Tag: transformers

  • Large Language Models in Research: An Explainer

    A large language model (LLM) is a type of artificial-intelligence model, built on the transformer neural-network architecture, that is trained on very large quantities of text to predict and generate language. At its core, an LLM learns the statistical patterns of language by repeatedly predicting the next token in a sequence; after training on enough text, this simple objective yields a system that can answer questions, summarise, translate and draft prose. Understanding how LLMs work — and where they fail — is now essential for researchers who use or evaluate them.

    Transformers and tokens

    The transformer, introduced in 2017, is the architecture underlying modern LLMs. Its key innovation is the attention mechanism, which lets the model weigh the relevance of different parts of the input when processing each element, capturing long-range relationships in text efficiently and in parallel. This made it practical to train far larger models than earlier sequence architectures allowed.

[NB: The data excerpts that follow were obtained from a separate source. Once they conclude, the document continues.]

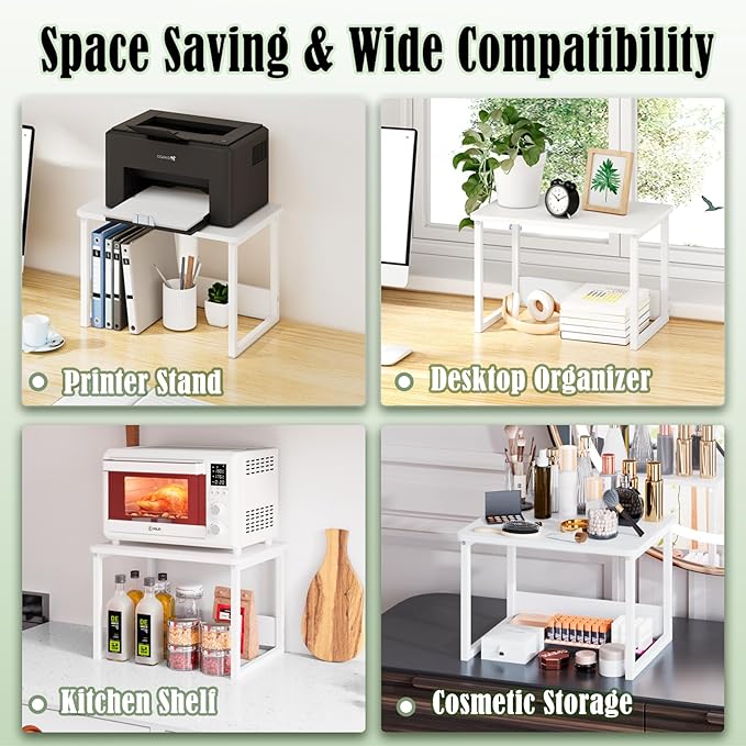 - 【Safe & Convenient】We design all corners to be rounded, in order to fully protect your safety during use. Anti-slip pads ensure printer riser more stable and avoid sliding, also can protect desktop from scratches.
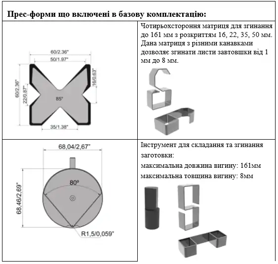 - - Згинання без ризику пошкодження пуансонів та матриць при роботі з товстими матеріалами, на відміну від традиційних листозгинальних пресів.
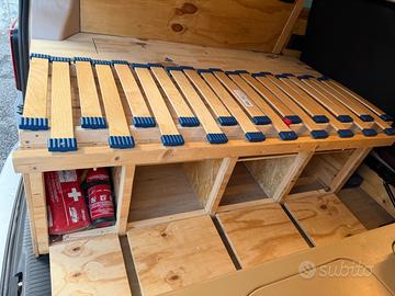 Letto con doghe lungo 2 metri, largo 145 cm con materasso nuovo di spessore 12 cm con Memory, una piazza e mezza fatta fare su misura da un artigiano con brevetto anti-sovrapposizione
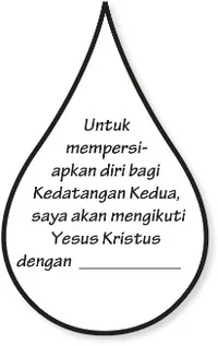 Mendorong penerapan: Gambarlah sebuah pelita di papan tulis. Bahaslah bagaimana mengikuti Yesus Kristus dengan melakukan hal-hal yang baik setiap hari seperti menyimpan minyak dalam pelita kita. Mintalah anak-anak menyebutkan beberapa cara mereka dapat mengikuti Yesus Kristus seperti melayani sesama, membayar persepuluhan, dan berdoa. Jelaskan bahwa inilah hal-hal yang perlu mereka lakukan secara pribadi; orang lain tidak dapat melakukan hal-hal ini bagi mereka. Berilah setiap anak selembar kertas yang dipotong berbentuk tetesan-tetesan besar minyak. Mintalah mereka (atau guru mereka) menuliskan “Untuk mempersiapkan diri bagi Kedatangan Kedua, saya akan mengikuti Yesus Kristus dengan ” di kertas mereka. Mintalah anak-anak mengisi bagian yang kosong atau membuat gambar tentang sesuatu yang dapat mereka lakukan untuk mempersiapkan diri bagi Kedatangan Kedua. Imbaulah anak-anak untuk membawa pulang kertas mereka dan membagikan apa yang telah mereka pelajari kepada keluarga mereka.
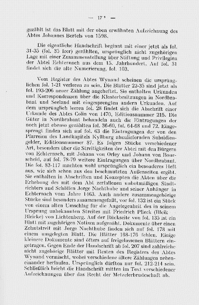 | Band 10: Mit Band XI die Quellen zur Geschichte der Abtei Echternach, des Hospitals und des Frauenkloster Sankt Klara enthaltend. : Volume 10 - page 17* |

    LLMs do not read words directly. Text is broken into tokens — units that may be whole words, parts of words or punctuation — and each token is converted into a numerical vector. The model processes sequences of these tokens and predicts the next one, assigning probabilities across its vocabulary. Generation proceeds token by token. Because models have a finite context window, the amount of text they can consider at once is bounded, which matters when working with long documents.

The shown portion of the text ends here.